Victor Hugo, Violette Leduc, et Ahmadou Kourouma en collé-serré sous la boule à facette, c’est un peu incongru, et c’est pourquoi « Ce n’est que vers deux heures du matin qu’ils parvinrent à convaincre l’assemblée de la nécessité de la littérature dans une boite de nuit. » ! Lucien y griffonne dans son carnet, Requiem y manœuvre son monde, Malingeau y cherche à publier – ce qui le promeura dans la hiérarchie de la discothèque. Dans un monde en fête, mais en ruine aussi, où tout s’en va – que ce soit en tram ou en train – quel place donner à la littérature ? N’y a-t-il pas plus urgent à faire que de rêver ?
Le texte s’écroule, fragmenté par des listes, éclaté par des paroles que l’on ne sait pas à qui attribuer ; le rythme est haletant, et accentué encore par la voracité pantagruelique qui anime les personnages, foudroyés d’absurdité, littéralement assoiffés de sexe, de bière, d’urgence de vivre. Dans ce discours fleuve où beaucoup est suggéré plutôt qu’écrit, évoqué plutôt que développé, le réel se mêle à la fiction, les références bibliques, cinématographiques, et artistiques s’entrechoquent. C’est un roman plus cacophonique que polyphonique, qui se moque bien de la tradition plus ou moins supposée de « l’oralité » en littérature francophone.

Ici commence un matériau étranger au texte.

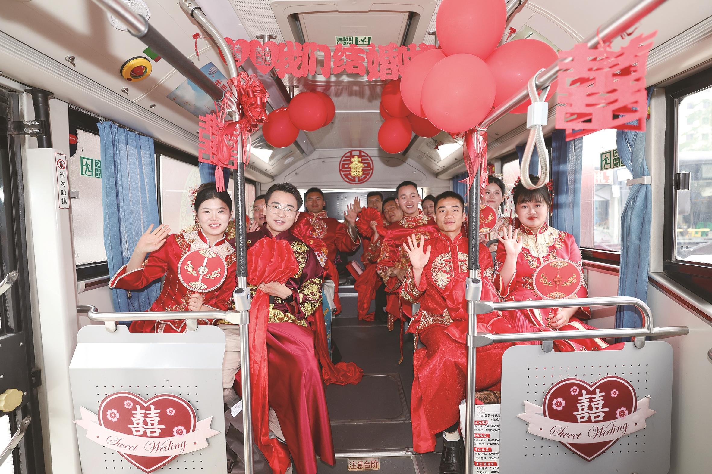 5月17日,在湖北省襄阳市公交集团三分公司停车场,新人们准备乘坐公交婚车前往百对职工集体婚礼现场。

Si Tram 83 est orgiaque à ce point, c’est parce que dans la vie comme en littérature, il faut toujours partir de tout pour arriver à quelque chose. Reconstruire, c’est assembler des éléments hétéroclites. L’écriture, ce n’est pas différent, comme le montre Fiston Mwanza Mujila en se mettant en scène dans le personnage de Lucien à qui il fait expliquer sa « poétique du tram », pas si différente du « métro émotif » célinien : « Je me rends compte que je cherche désespérément dans mes phrases les souffles de vie qu’ont ces trains-là, les trains d’ici. La prestance, l’orgueil, la rage canine, la vétusté et la rouille qu’ils traînent. Je cherche dans mes phrases la romance qu’ils affichent et trimbalent. Bref, j’ai un faible depuis quelque temps pour les chemins de fer… J’ai cherché l’homme, j’ai trouvé le train. (Rires) ».